• **Records contained in a dataset**
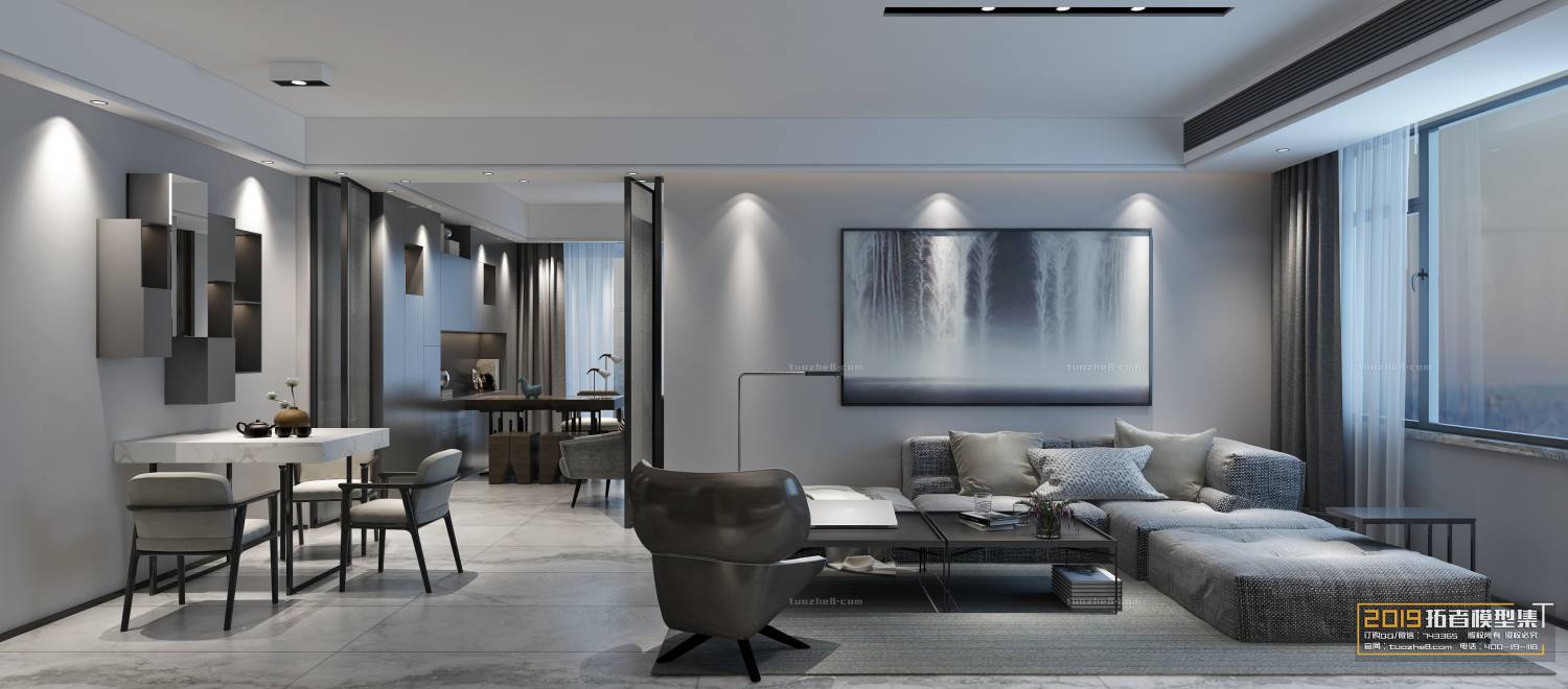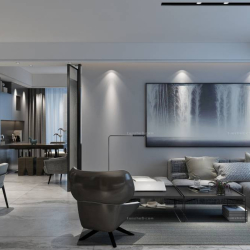 This 3D scene features a modern living room designed in a contemporary style. The room is elegantly furnished with sleek furniture and stylish decor elements. The color palette is neutral with pops of color adding visual interest. Perfect for showcasing modern interior design concepts.
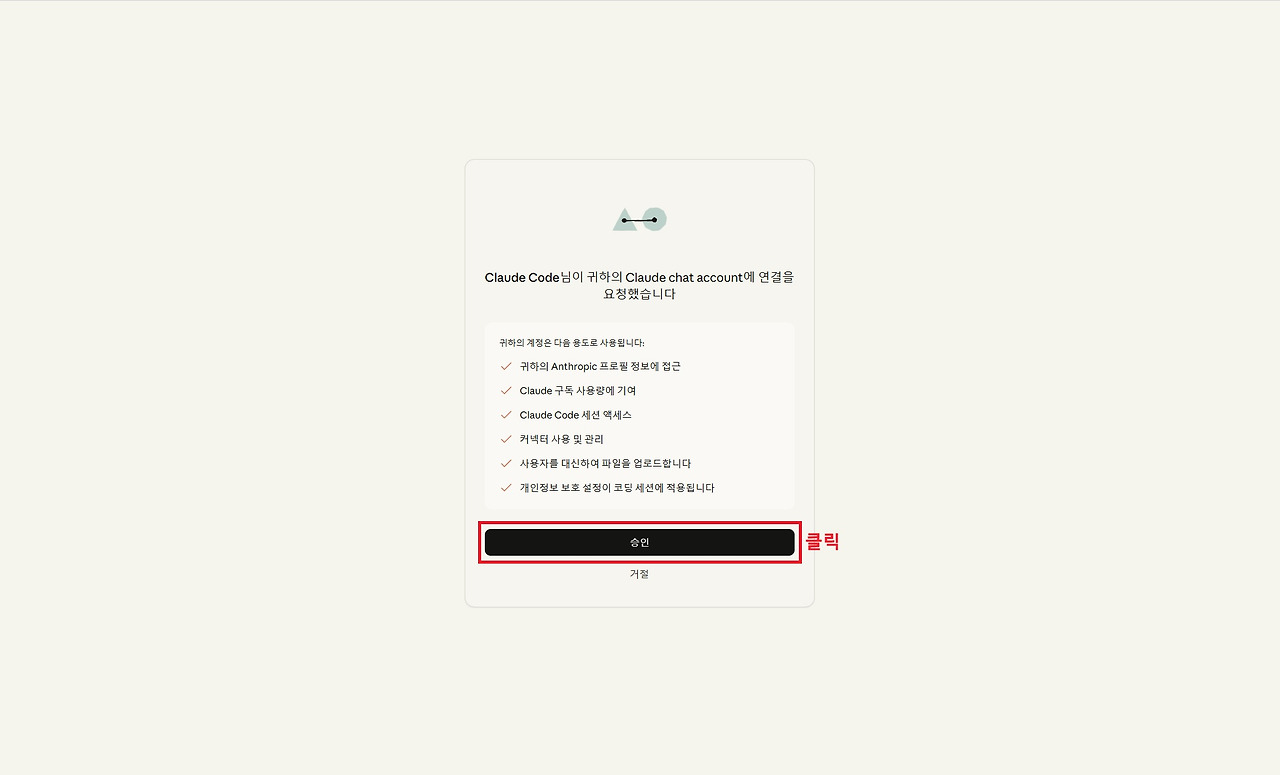 로그인 방식을 선택하면 브라우저가 자동으로 열리면서 Claude 계정 연결 승인 화면이 나타납니다. 여기서 ‘승인’ 버튼을 클릭하면 VS Code와 Claude 계정이 연결됩니다. 연결이 완료되면 터미널에 다음과 같은 메시지가 표시됩니다. 아래와 같이 'Login successful' 메시지가 나타나면 Claude Code 설정과 로그인 과정이 모두 정상적으로 완료된 상태입니다. 이제 터미널 환경에서 Claude Code를 활용하여 코드 작성, 수정, 분석 등의 작업을 수행할 수 있습니다.
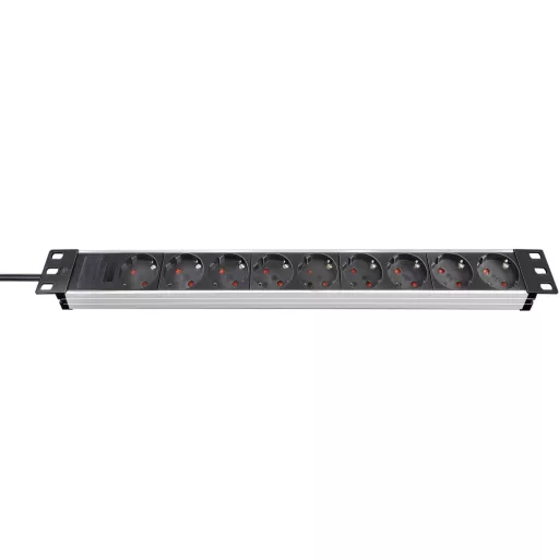 Műszaki adatok: Alkalmazási terület: Beltér · Anyag: Alumínium · Csatlakozási teljesítmény: 3600 W · Dugaljak száma: 9 · Gyermekvédelem: Igen · Hálózati elosztó jellemzők: Gyermekvédelem · Kivitel: Állványos · Kábel típus DIN/VDE szerint: H05VV-F 3G 1,5 mm² · Kábelhossz: 2 m · Méret, hossz: 520 mm · Méret, magasság: 50 mm · Méret, szélesség: 60 mm · Szín: Alumínium,Fekete · Típus: Elosztó, 19" · Üzemi feszültség: 230 V
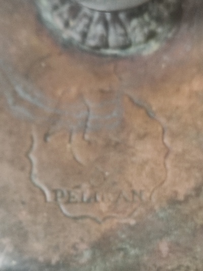 przedstawiającą rysunek ptaka-pelikana z podpisem "PELIKAN" w
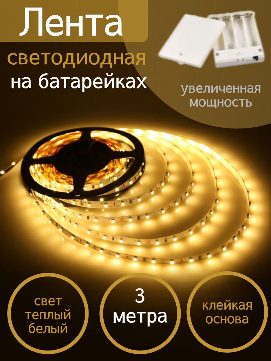 Купить Лента светодиодная на батарейках, 3 метра теплый белый/Rezlazer
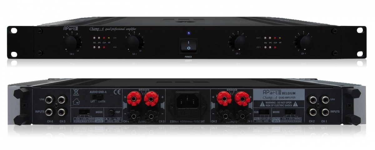 APart CHAMP-4 - четырехканальный усилитель мощности с конвекционным охлаждением. Корпус рэкового исполнения высотой 1U оборудован массивными радиаторами, что позволяет обеспечить достаточное охлаждение без использования вентиляторов даже в пиковых режимах работы усилителя. APart CHAMP-4 оборудован встроенными фильтрами нижних и верхних частот для подключения пассивных сабвуферов. Во всех усилителях серии CHAMP используется уникальная система защиты APC. Система APC обеспечивает защиту от экстремальной перегрузки, короткого замыкания, постоянной составляющей напряжения и перегрева. Но главной особенностью этой системы является возможность снижения уровня входного сигнала в определенных пределах при перегрузке по входу, не задействуя при этом лимитер. Таким образом система APC предотвращает работу лимитера и, соответственно, позволяет избежать искажений вносимых лимитером. Усилитель позволяет подключать нагрузку до 4 Ом в четырехканальном/стерео режиме. В мостовом режиме минимальный импеданс нагрузки составляет 8 Ом. Для использования в домашней стерео системе имеется возможность снять "ушки" для крепления в рэковую стойку.
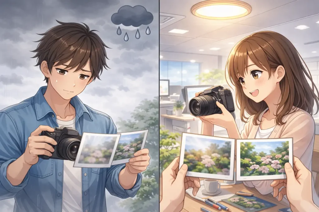 こうした原因は、一つだけで起きることもあれば、複数が重なって起きることもあります。たとえば、曇りの日に室内で自動設定のまま撮影し、あとから明るさを少し持ち上げると、眠い画像になりやすい条件がそろってしまいます。どれもよくある行動であり、特別なミスではありません。そのため、眠い画像を見たときは、「何か大きな失敗をした」と考えるよりも、「どの要素が重なったのか」を落ち着いて見直すほうが前向きです。
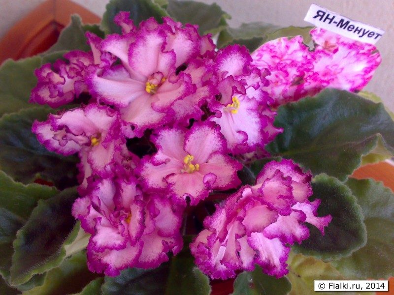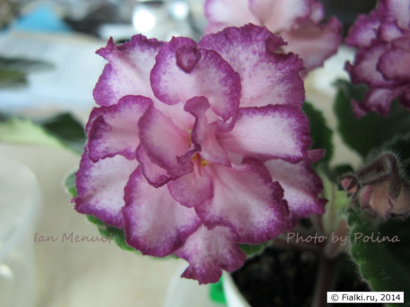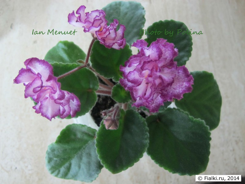 Полиночка, поздравляю! ЯН-Менуэт - очень достойный сорт. У меня Менуэтик в коллекции давно. И, не смотря на его очень капризную розетку, мысли расстаться с ним не появлялось. Цветение всегда пышное, цветы крупные. Сорт любит яркое, лучше дневное, освещение и прохладу. На полках под самыми лампами, но при высокой температуре, все-равно руки верх тянет. А на прохладном подоконнике розетка сразу выправляется. Вероятно, под самыми лампами ровная розетка получается, если температура регулируется кондиционером.

• **TASK**
Leaving the pictures aside, transcribe exactly the lines from the one containing "こうした原因は、一つだけで起" to the final line of the entries above, both ends included.

• **RESPONSE AREA**
 こうした原因は、一つだけで起きることもあれば、複数が重なって起きることもあります。たとえば、曇りの日に室内で自動設定のまま撮影し、あとから明るさを少し持ち上げると、眠い画像になりやすい条件がそろってしまいます。どれもよくある行動であり、特別なミスではありません。そのため、眠い画像を見たときは、「何か大きな失敗をした」と考えるよりも、「どの要素が重なったのか」を落ち着いて見直すほうが前向きです。
 Полиночка, поздравляю! ЯН-Менуэт - очень достойный сорт. У меня Менуэтик в коллекции давно. И, не смотря на его очень капризную розетку, мысли расстаться с ним не появлялось. Цветение всегда пышное, цветы крупные. Сорт любит яркое, лучше дневное, освещение и прохладу. На полках под самыми лампами, но при высокой температуре, все-равно руки верх тянет. А на прохладном подоконнике розетка сразу выправляется. Вероятно, под самыми лампами ровная розетка получается, если температура регулируется кондиционером.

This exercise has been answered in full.